Data extract Start Marker

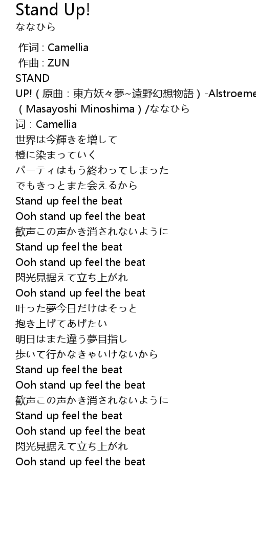 | [00:00.171] | STAND UP! yuan qu: dong fang yao meng yuan ye huan xiang wu yu Alstroemeria Records Masayoshi Minoshima |
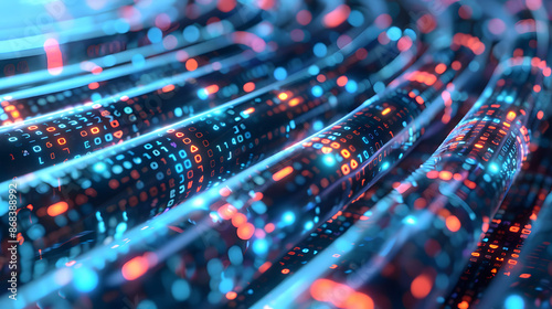 Close-up of illuminated data cables representing high-speed data transmission. Ideal for technology and digital infrastructure themes.
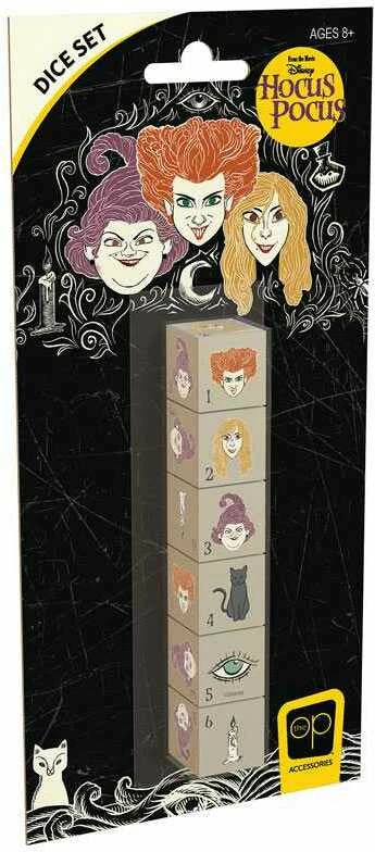 Take the Sanderson Sisters to your next game night with this Salem-approved set of dice! This 6-sided dice set features your favorite characters from pop culture Halloween classic including Winifred, Sarah, Mary, Thackery Binx, and other spooky icons.
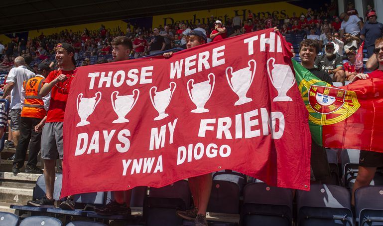Os adeptos do Liverpool uniram-se e cantaram, de forma sentida, a música de Diogo Jota antes do começo da partida frente ao Preston.

Data extract End Marker

**Instructions for the task:** Would it be possible to copy the material exactly, excluding the images?

**Solution to this problem:**
 | [00:00.171] | STAND UP! yuan qu: dong fang yao meng yuan ye huan xiang wu yu Alstroemeria Records Masayoshi Minoshima |
 Close-up of illuminated data cables representing high-speed data transmission. Ideal for technology and digital infrastructure themes.
 Take the Sanderson Sisters to your next game night with this Salem-approved set of dice! This 6-sided dice set features your favorite characters from pop culture Halloween classic including Winifred, Sarah, Mary, Thackery Binx, and other spooky icons.
Os adeptos do Liverpool uniram-se e cantaram, de forma sentida, a música de Diogo Jota antes do começo da partida frente ao Preston.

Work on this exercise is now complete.